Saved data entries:
-- Opening Marker --
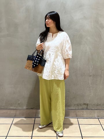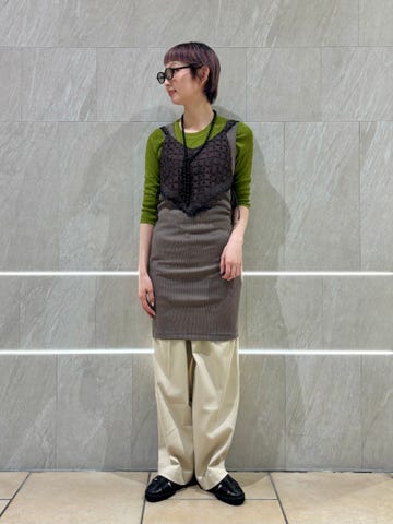 素材感・着心地:透け感が可愛いコットン100%。タートルのニットやTシャツ等レイヤード次第で沢山の着こなしが楽しめそうです◎
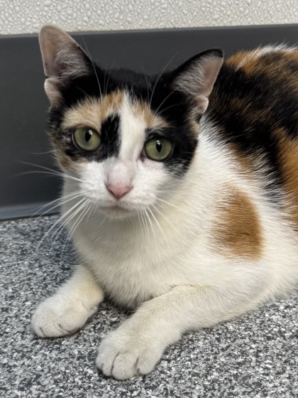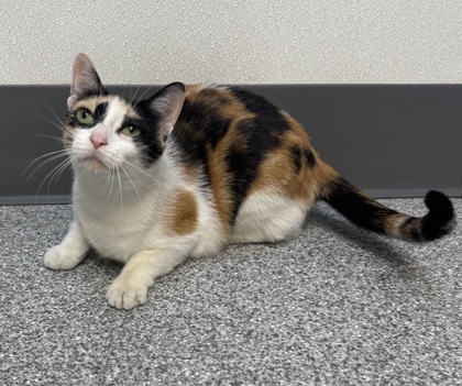 Derby is a fun calico girl who loves to play-especially with her favorite spring toy! At 1 year old, she's an adult with a youthful spirit and a whole lot of personality. She can be a little sassy at times, but it's all part of her charm. With her gorgeous green eyes, this pretty kitty is patiently waiting for the right person to take her home and fall in love.
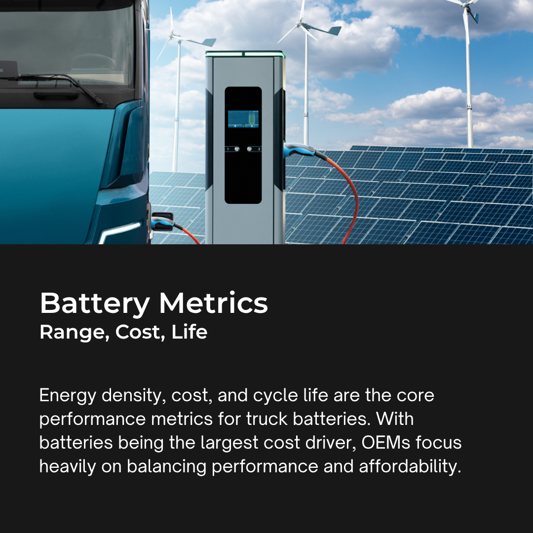 公路運輸卡車是全球二氧化碳排放的主要來源之一,使其脫碳化成為迫切課題。重型車隊需要具備高能量密度(> 210 Wh/kg)、長循環壽命(3,000–6,000 次充放電)且具成本效益的電池系統,以維持載重能力與運行時間。
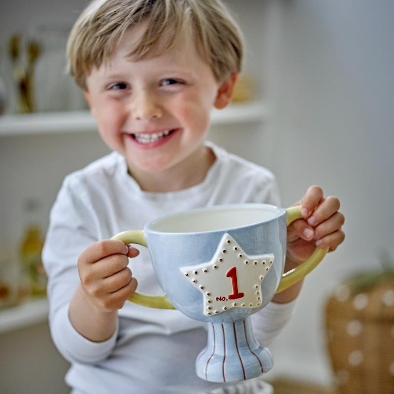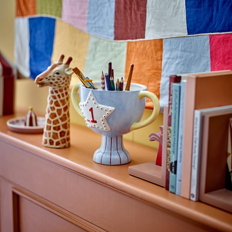 Ваза-трофей для самых важных полевых цветов. Голубая керамика в форме наградного кубка добавляет игровой элемент в детскую комнату. Можно поставить букет одуванчиков от бабушки или использовать как необычный органайзер для карандашей. Керамика прочная и устойчивая. Этот маленький приз напоминает, что каждый день достоин награды — даже если просто собрал игрушки перед сном.
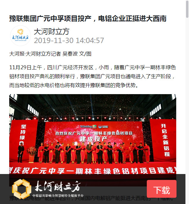 連日來,豫聯(lián)集團(tuán)廣元中孚一期林豐綠色鋁材項(xiàng)目建成投產(chǎn)的消息被中華人民共和國中央人民政府網(wǎng)、新華社、新華網(wǎng)、人民網(wǎng)、中國證券網(wǎng)、中國有色金屬報(bào)、河南日報(bào)、鞏義市人民政府網(wǎng)等眾多主流媒體廣泛宣傳、轉(zhuǎn)載報(bào)道。
-- Closing Marker --
● **WORK TO BE COMPLETED**: Transcribe the complete set of entries verbatim. No pictures belong in the copy.

● **EXERCISE OUTPUT**:
 素材感・着心地:透け感が可愛いコットン100%。タートルのニットやTシャツ等レイヤード次第で沢山の着こなしが楽しめそうです◎
 Derby is a fun calico girl who loves to play-especially with her favorite spring toy! At 1 year old, she's an adult with a youthful spirit and a whole lot of personality. She can be a little sassy at times, but it's all part of her charm. With her gorgeous green eyes, this pretty kitty is patiently waiting for the right person to take her home and fall in love.
 公路運輸卡車是全球二氧化碳排放的主要來源之一,使其脫碳化成為迫切課題。重型車隊需要具備高能量密度(> 210 Wh/kg)、長循環壽命(3,000–6,000 次充放電)且具成本效益的電池系統,以維持載重能力與運行時間。
 Ваза-трофей для самых важных полевых цветов. Голубая керамика в форме наградного кубка добавляет игровой элемент в детскую комнату. Можно поставить букет одуванчиков от бабушки или использовать как необычный органайзер для карандашей. Керамика прочная и устойчивая. Этот маленький приз напоминает, что каждый день достоин награды — даже если просто собрал игрушки перед сном.
 連日來,豫聯(lián)集團(tuán)廣元中孚一期林豐綠色鋁材項(xiàng)目建成投產(chǎn)的消息被中華人民共和國中央人民政府網(wǎng)、新華社、新華網(wǎng)、人民網(wǎng)、中國證券網(wǎng)、中國有色金屬報(bào)、河南日報(bào)、鞏義市人民政府網(wǎng)等眾多主流媒體廣泛宣傳、轉(zhuǎn)載報(bào)道。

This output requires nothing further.